= Beginning of Section =
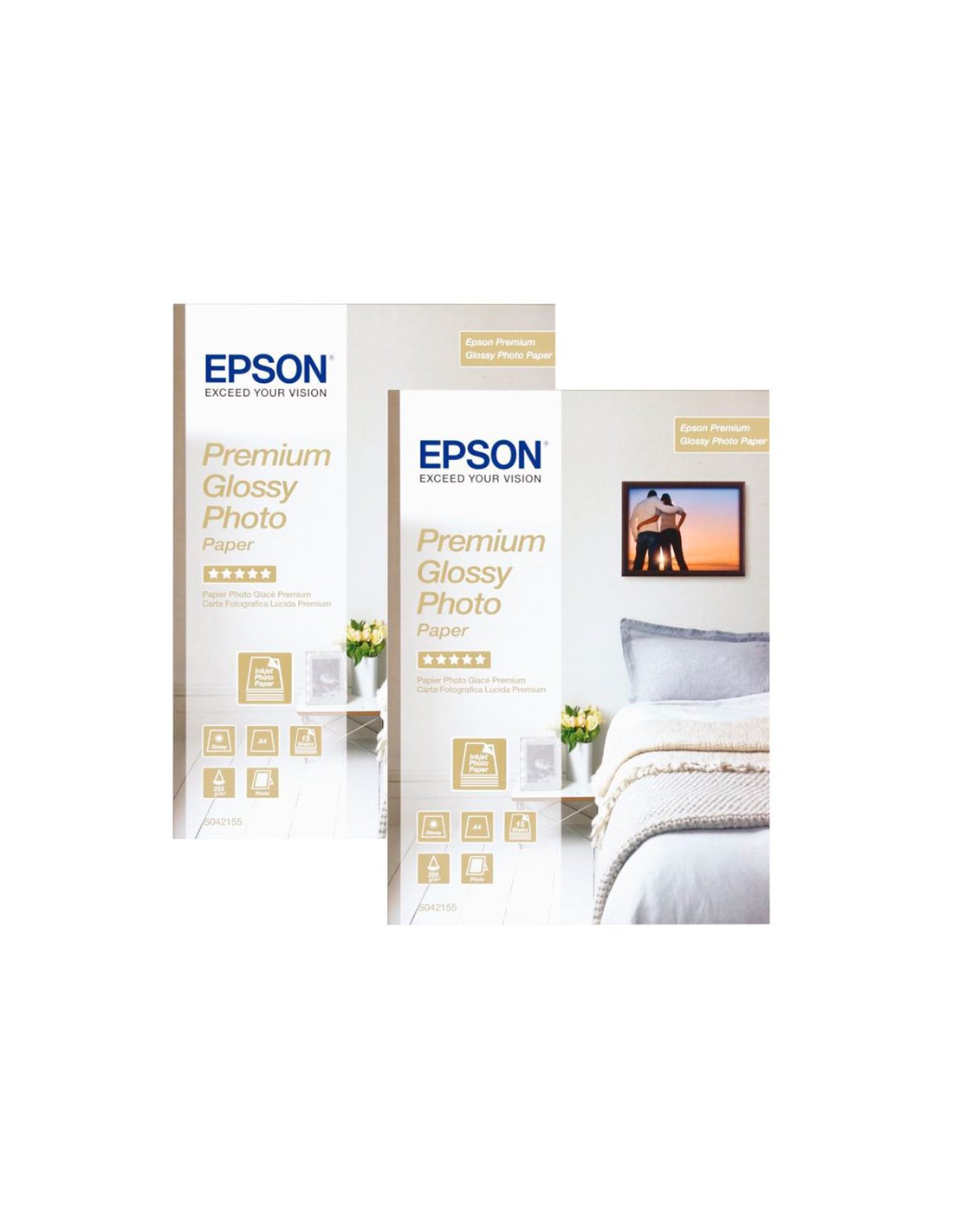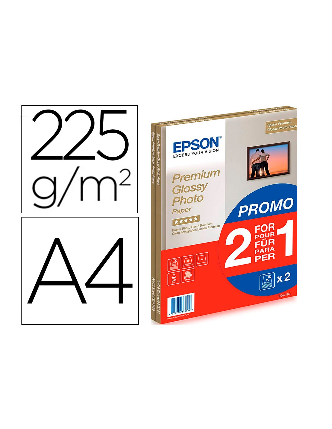 Papel fotografico epson premiun glossy photo satinado din a4 promo 2 x 15 hojas 225 gr
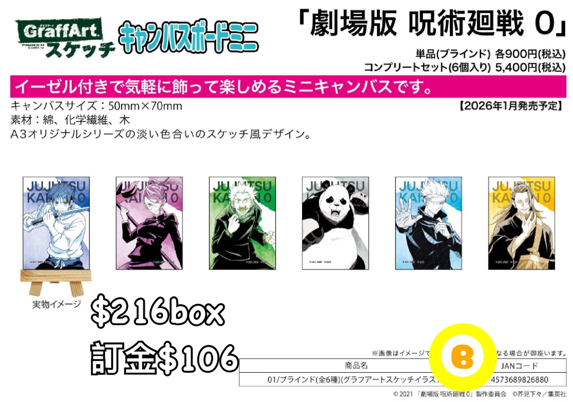 Preorder預訂1/2026年咒術迴戰0 mini canvas立牌
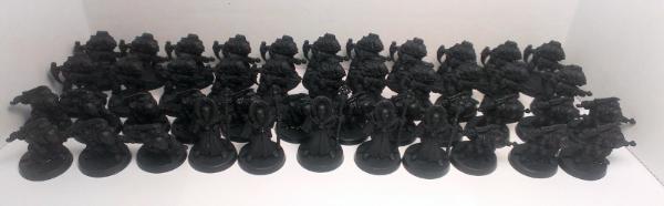 I took the 2 Hybrid poses that have their arms sculpted in and the Magi sculpts, filed the mold lines, and based them. I spray primed them all black and Wham! Ready for paint.
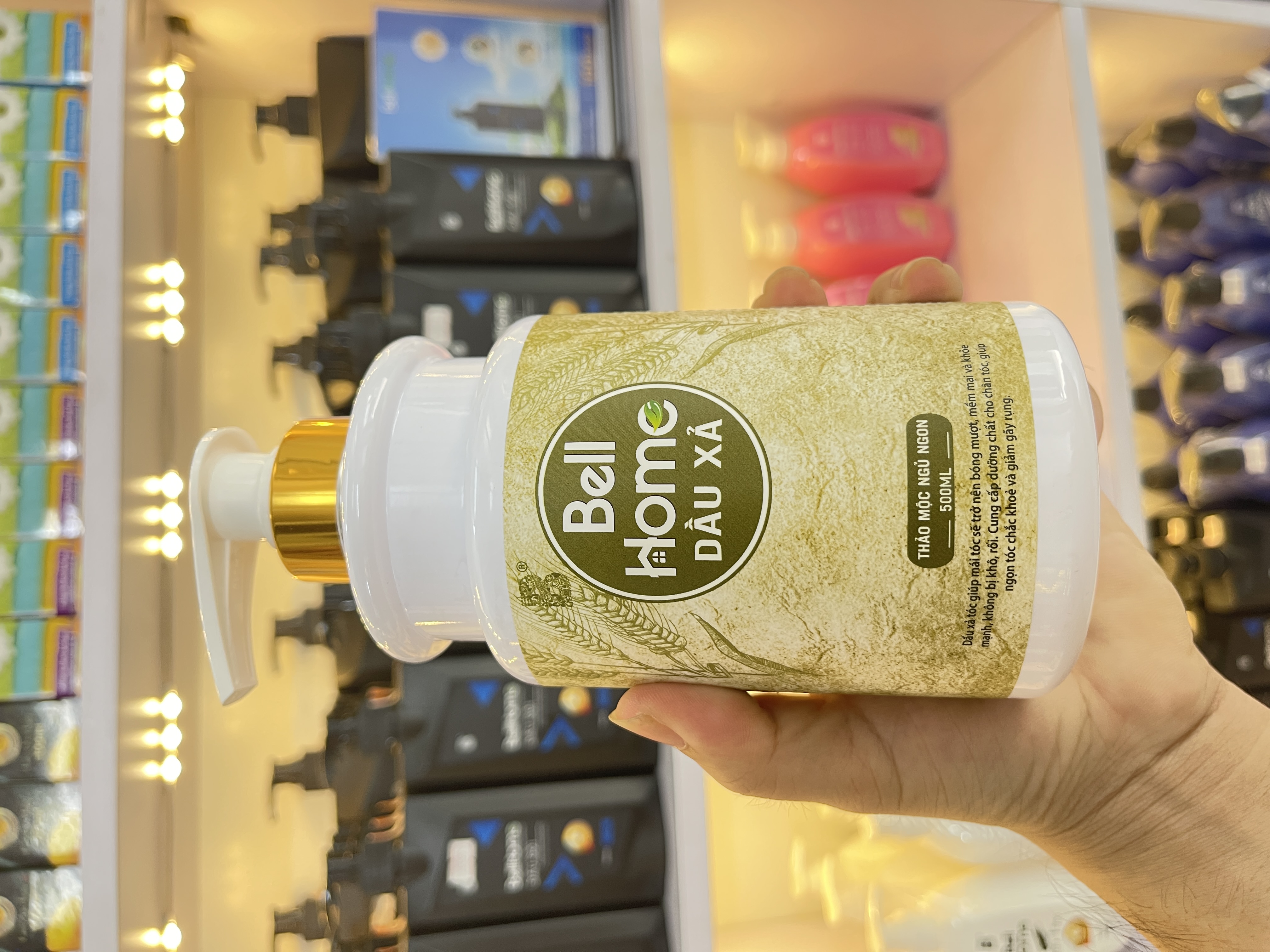 - ĐẶC ĐIỂM NỔI BẬT CỦA DẦU XẢ CÔNG NGHỆ SINH HỌC BELL HOME THẢO DƯỢC NGỦ NGON 500ML Sự kết hợp giữa các thành phần kể trên đã tạo ra sản phẩm tuyệt vời trong đó phải kể đến những công dụng như Công nghệ chuyển giao từ Đức kết hợp với công thức chăm sóc sâu từ Nhật Bản Từ liệu pháp hương thơm cho đến cơ chế tác động vào não bộ, nhịp tim, nhịp thở… Tất cả đã được nghiên cứu, phát triển trong các công trình khoa học được chuyển giao từ Bell Flavors & Fragrances tại Đức, có 200 năm lịch sử, cùng công thức chăm sóc da và tóc chuyên sâu của Nhật, để cho ra đời bộ sản phẩm dầu xả ngủ ngon Bell Home. Tác động đến hệ thần kinh, tần sóng não Alpha, Beta trong não bộ Với 3 loại hoạt chất và tinh dầu cho vào Dầu xả Bell Home tạo nên cơ chế tắm gội xong, sẽ ảnh hưởng trực tiếp đến hệ thần kinh, đến sóng não Alpha, Beta trong não bộ của chúng ta, mang đến những tác động tích cực cải thiện giấc ngủ, giảm thiểu tình trạng lo âu, đau nhức đầu và mệt mỏi. Ngăn chặn sự tăng trưởng của tế bào sừng Không chỉ khác biệt bởi liệu pháp hương thơm tác động tích cực cải thiện giấc ngủ, Dầu xả ngủ ngon Bell Home còn có tác dụng vượt trội trong việc ngăn chặn sự tăng sinh của tế bào sừng, đặc trị gàu, ngứa, đồng thời cải thiện các tình trạng viêm da tiết bã, á sừng, vẩy nến một cách tối ưu nhất. Dưỡng chất thảo dược cho giấc ngủ tròn đầy Kết hợp giữa thành phần dưỡng tóc tự nhiên cổ truyền như bưởi, bồ kết, trà xanh, nha đam, gừng, hà thủ ô... và tinh dầu ngủ ngon tạo cảm giác thư giãn sau mỗi lần gội. Áp dụng công nghệ Nano vàng, Nano bạc tiên tiến Dầu xả công nghệ sinh học Bell Home thảo dược ngủ ngon áp dụng công nghệ Nano vàng, Nano bạc tiên tiến thúc đẩy tế bào mới tái tạo nhanh hơn, giúp da đầu, da tóc khỏe mạnh hơn Công thức dầu gội an toàn, lành tính Sản phẩm được chiết xuất từ thiên nhiên rất an toàn và lành tính, giá trị pH phù hợp với da đầu người châu Á hỗ trợ loại bỏ các tạp chất tích tụ để làm sạch sâu cho tóc, đánh bay gàu ngứa, mồ hôi, vi khuẩn trên da đầu. Hỗ trợ sạch gàu, ngứa dai dẳng Sản phẩm hỗ trợ cung cấp đủ độ ẩm, cân bằng dầu trên da đầu, khóa ẩm giúp tóc không bị khô xơ và ngăn ngừa tình trạng tiết bã nhờn, giảm tình trạng tóc chẻ ngọn. Sản phẩm dành cho mọi nhà Được chiết xuất từ những tinh hoa, tinh túy từ thiên nhiên, “lành và sạch”, bộ sản phẩm dầu gội xã, sữa tắm ngủ ngon nhà Bell Home đã khẳng định chất lượng và sự tin yêu của rất nhiều khách hàng.
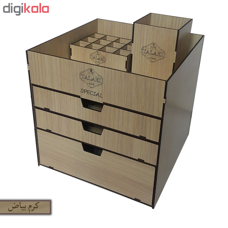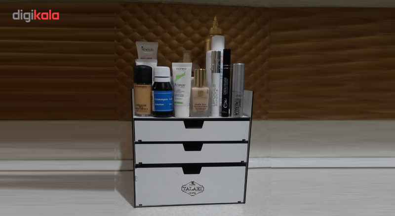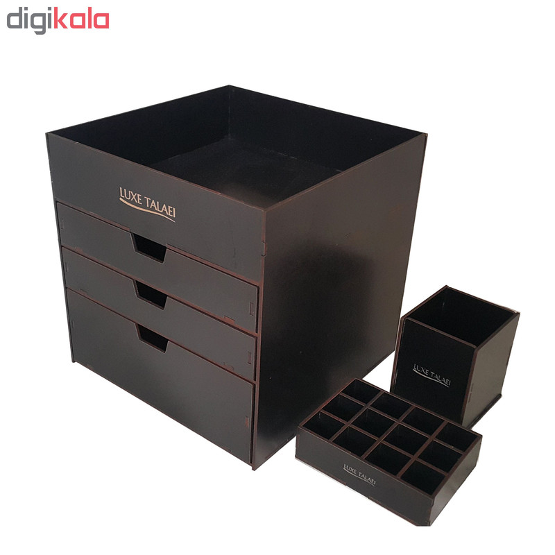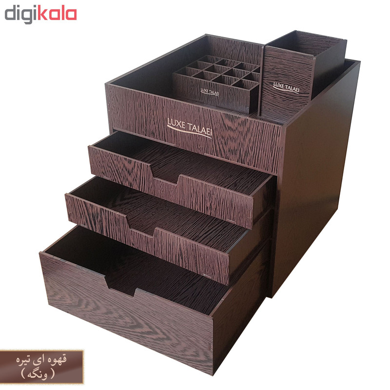 بیشتر خانم ها هنگام آرایش کردن با مشکل نامرتب بودن لوازم آرایشی خود مواجهند که باعث اتلاف وقت و صلب آرامش آنها می شود. لوکس طلائی با طراحی و ساخت انواع نظم دهنده ی لوازم آرایشی سعی در برطرف نمودن این مشکل و القای آرامش به بانوان محترم داشته است. این ارگانیزر از ویژگی های زیر برخوردار است: دارای دو کشو به ابعاد 22 در 22 در ارتفاع های 4 و 8 سانتی متری فضای خالی در بالای کشوها برای لوازم با ارتفاع بیشتر باز و بسته شدن روان کشوها قابل استفاده برای: انواع رژهای لب رژ گونه انواع پنکیک پاک کننده های آرایش انواع سایه های چشم انواع کرم ها در سایز های متفاوت زیورآلات و بدلیجات انواع براش رژ گونه قابل استفاده در داروخانه ها ، فروشگاه های لوازم آرایشی ، آرایشگاه های زنانه و همچنین منزل نظم دادن به لوازم آرایشی به همراه جای براش و استند 12عددی رژ لب
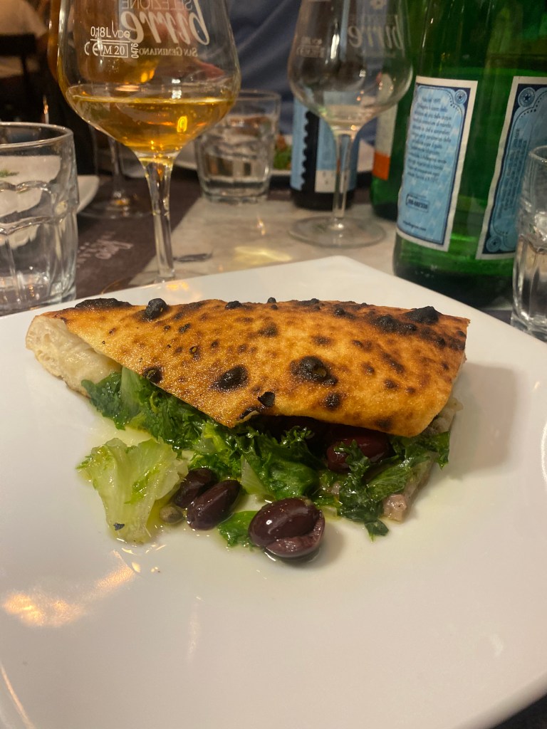 Ogni volta che si addenta il Ripieno con la scarola, messa a crudo nell’impasto che fa da camera a vapore, servito con abbondante giro d’olio, l’olfatto e il gusto si riscoprono vivi. La verdura resta verde, croccante, saporita. Arcaiche novelle paesane e reliquie agresti che raccontano di maestria, affabilità e concretezza. Spartito universale.
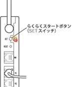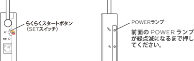 無線LANアクセスポイント(親機)背面のらくらくスタートボタン(SETスイッチ)を押し、前面のPOWERランプが緑点滅になったら離す
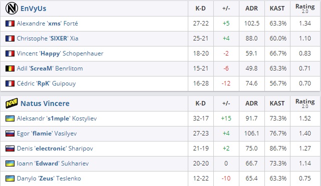 EnVyUs со счётом 2:0 и тем самым выходят в финал турнира, где встретятся с победителем пары
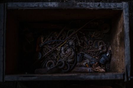 Pile of fasteners and screws close up. scrap metal. different metal parts
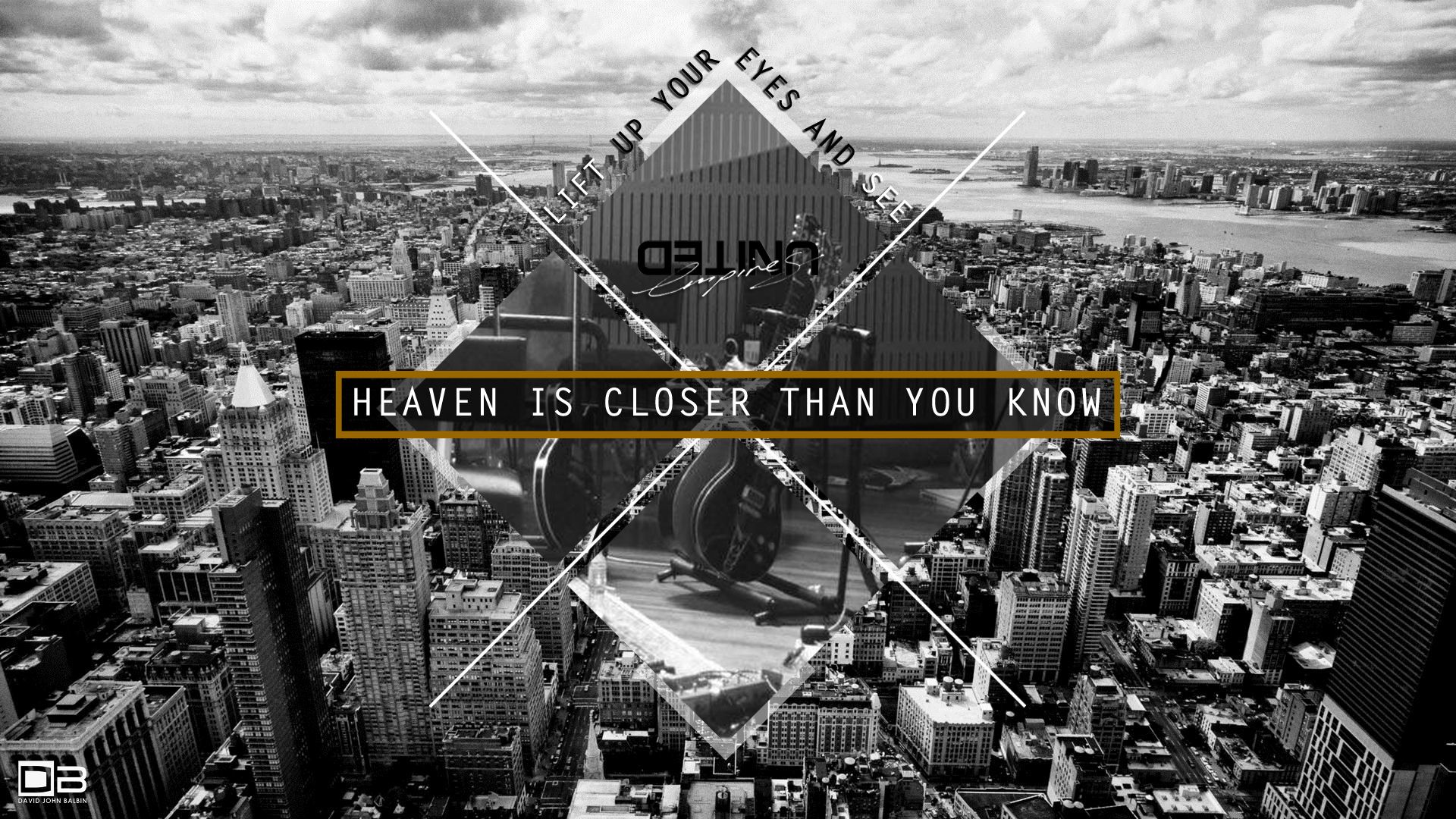 Description: A black and white photo of a city with a yellow border over it that says heaven is closer than you know.
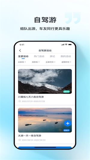 4、进入生活版块,查看各种自驾游活动内容,快速了解和其他车主进行交流,讨论各种热门话题
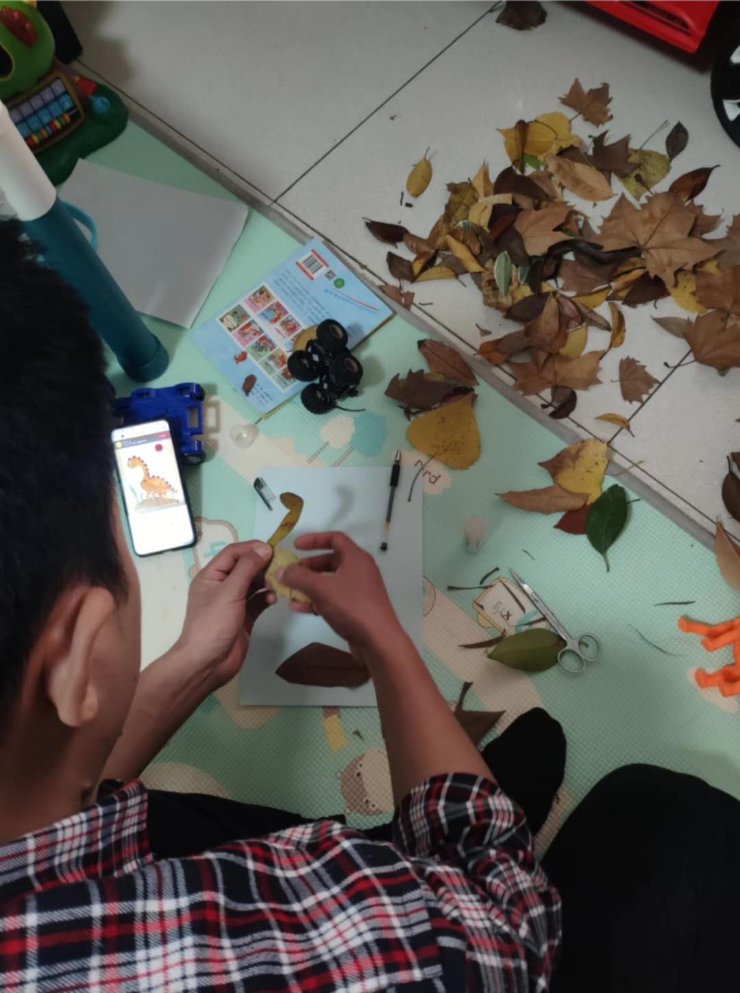 树叶带回家后,家长要充分鼓励孩子发挥想象力,哪怕孩子只是把树叶简单排列,贴在一起,那也是孩子自己的想法,家长可以给孩子提供广阔的想象空间,让孩子自己创作,最后的动手环节,如果孩子年龄太小,可以让孩子简单参与即可。
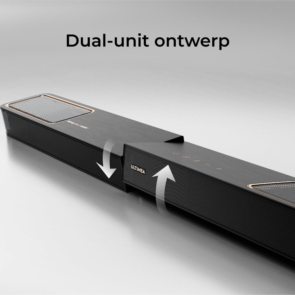 De geïntegreerde up-firing drivers maken gebruik van luchtvaartkwaliteit neodymiummagneten en 18-core spreekspoelen. Dit zorgt voor uiterst precieze hoogte-effecten en een breder hoogfrequent bereik, waardoor Dolby Atmos-content tot leven komt. Zo zit je letterlijk midden in de actie, met geluid dat je vanaf alle kanten omringt.
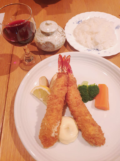 A small homey restaurant with a retro vibe. Such a great service from the old couple who runs the place . We went here for dinner. I got the Ebi Fry Set which comes with a glass of wine, salad, rice & black coffee at the end of the meal. The food was good. It was served freshly cooked. I just wished there was a tartar sauce with the Ebi Fry. Still enjoyed our meal here.
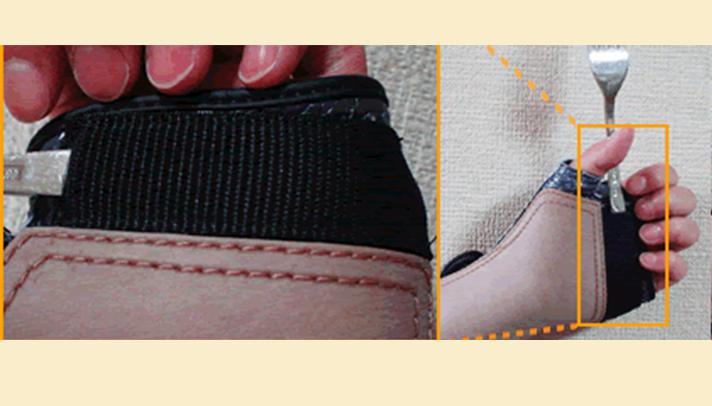 福岡県飯塚総合脊損センターの患者様に多く使用されている指をループにひっかけてベルクロをつけるループタイプです。 推奨障害レベル→C6~C8
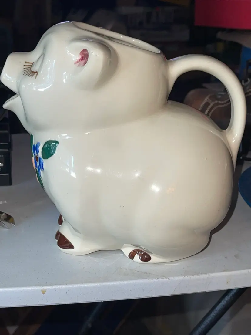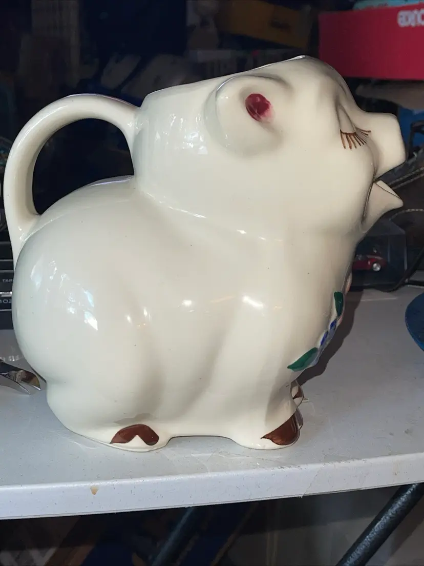 This item is perfect for collectors and enthusiasts of vintage decorative cookware, dinnerware, and serveware. The pitcher is in excellent condition and will make a great addition to any collection. Don't miss out on the opportunity to own this original Shawnee Smiley Pig milk pitcher.
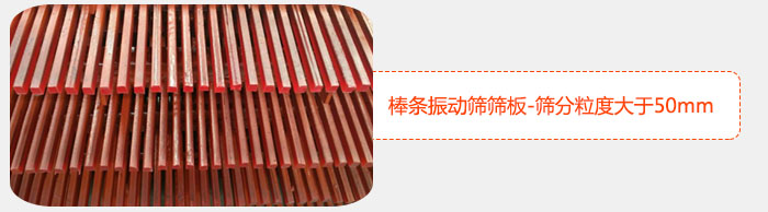 棒條振動(dòng)篩篩板是由一組平行排列的、具有一定斷面形狀的鋼棒組成。棒條平行排列,棒條之間的間隔即為篩孔尺寸。棒條篩面一般用于固定篩或重型振動(dòng)篩,適于篩分粒度大于50mm的粗粒級(jí)物料。
= End of Section =
## TASK OBJECTIVE:
Every line above in the stretch from the one with "Pile of fasteners" through the one with "De geïntegreerde up-firing" is to be transcribed exactly, ends included. No picture is copied.

## TASK SOLUTION:
 Pile of fasteners and screws close up. scrap metal. different metal parts
 Description: A black and white photo of a city with a yellow border over it that says heaven is closer than you know.
 4、进入生活版块,查看各种自驾游活动内容,快速了解和其他车主进行交流,讨论各种热门话题
 树叶带回家后,家长要充分鼓励孩子发挥想象力,哪怕孩子只是把树叶简单排列,贴在一起,那也是孩子自己的想法,家长可以给孩子提供广阔的想象空间,让孩子自己创作,最后的动手环节,如果孩子年龄太小,可以让孩子简单参与即可。
 De geïntegreerde up-firing drivers maken gebruik van luchtvaartkwaliteit neodymiummagneten en 18-core spreekspoelen. Dit zorgt voor uiterst precieze hoogte-effecten en een breder hoogfrequent bereik, waardoor Dolby Atmos-content tot leven komt. Zo zit je letterlijk midden in de actie, met geluid dat je vanaf alle kanten omringt.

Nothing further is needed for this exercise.